Summary. The manuscript presents an integrative framework combining the Yeast9 genome-scale metabolic model with flux balance analysis (FBA) on 2000 Latin Hypercube samples, machine learning regressors (Random Forest and XGBoost achieving R² > 0.999 on held-out data), variational autoencoders for clustering, SHAP for feature importance, Bayesian optimization, and a generative adversarial network to predict and optimize biomass flux for single-cell protein production in Saccharomyces cerevisiae, claiming a 12.13-fold improvement to 1.041 gDW/hr at specific uptake rates.

Significance. If the central optimization result holds under direct verification, the work demonstrates a practical surrogate-modeling pipeline for in silico metabolic engineering that could accelerate SCP strain design by identifying high-biomass flux configurations within GEM constraints. Credit is due for the high predictive accuracy of the RF/XGBoost models on simulated data and the 90% concordance between SHAP-identified reactions and in silico knockouts, which provides internal consistency checks.

major comments (3)
  1. [Bayesian optimisation results] Bayesian optimisation results: The reported 12.13-fold biomass flux improvement to 1.041 gDW/hr at glucose = -20.0, oxygen = -20.0, ammonium = -8.9 mmol/gDW/hr lacks independent confirmation via direct FBA solution of the Yeast9 model at these exact uptake rates. The training data used only 2000 Latin Hypercube samples, so without this verification the improvement may reflect surrogate extrapolation error rather than a true model optimum.
  2. [Generative adversarial network analysis] Generative adversarial network analysis: The GAN produced 0/100 feasible flux profiles due to incomplete generator convergence. This failure is load-bearing for claims about the framework's ability to generate novel configurations and requires either architectural fixes or explicit quantification of training instability to support the overall integrative approach.
  3. [Machine learning surrogate models] Machine learning surrogate models: The RF and XGBoost models are trained directly on FBA-generated flux profiles from the same Yeast9 GEM, so the Bayesian optimum represents an optimized point inside the original stoichiometric space rather than an extrapolation to new biology. This circularity must be explicitly framed as a scope limitation for the central claim of predictive optimization.
minor comments (3)
  1. [Abstract] The abstract reports a Pareto front optimum at the baseline biomass flux of 0.0858 gDW/hr; clarify the relationship between this point and the Bayesian-optimized value of 1.041 gDW/hr to avoid apparent inconsistency.
  2. Specify the exact sampling bounds for the 2000 Latin Hypercube points so readers can determine whether the reported optimal uptake rates lie inside or outside the training distribution.
  3. [Bayesian optimisation results] Add uncertainty quantification (e.g., posterior variance or additional FBA cross-validation) for the Bayesian optimization result, as the current reporting provides only a point estimate.

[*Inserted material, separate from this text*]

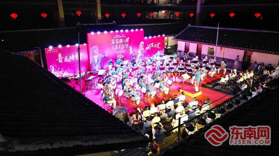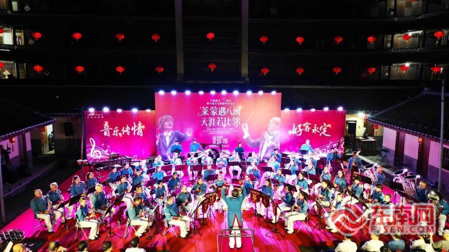 东南网10月21日讯(记者 江雅萍 通讯员 熊川 陈景彬 谢湾塆)10月20日晚,龙岩市永定区大溪乡大溪村镇江楼内灯火璀璨,瑞士日内瓦州立管乐团70余名成员在此献上一场跨越国界的交响盛宴。作为中瑞建交75周年暨中瑞文化和旅游年重要活动,此次演出以“土楼为幕、音符为桥”,在联合国教科文组织世界文化遗产地奏响中西合璧的华彩乐章。

Simulated Author's Rebuttal

3 responses · 0 unresolved

We thank the referee for the constructive and detailed comments on our manuscript. We address each major comment point by point below, indicating where revisions will be made to strengthen the work.

read point-by-point responses
  1. Referee: Bayesian optimisation results: The reported 12.13-fold biomass flux improvement to 1.041 gDW/hr at glucose = -20.0, oxygen = -20.0, ammonium = -8.9 mmol/gDW/hr lacks independent confirmation via direct FBA solution of the Yeast9 model at these exact uptake rates. The training data used only 2000 Latin Hypercube samples, so without this verification the improvement may reflect surrogate extrapolation error rather than a true model optimum.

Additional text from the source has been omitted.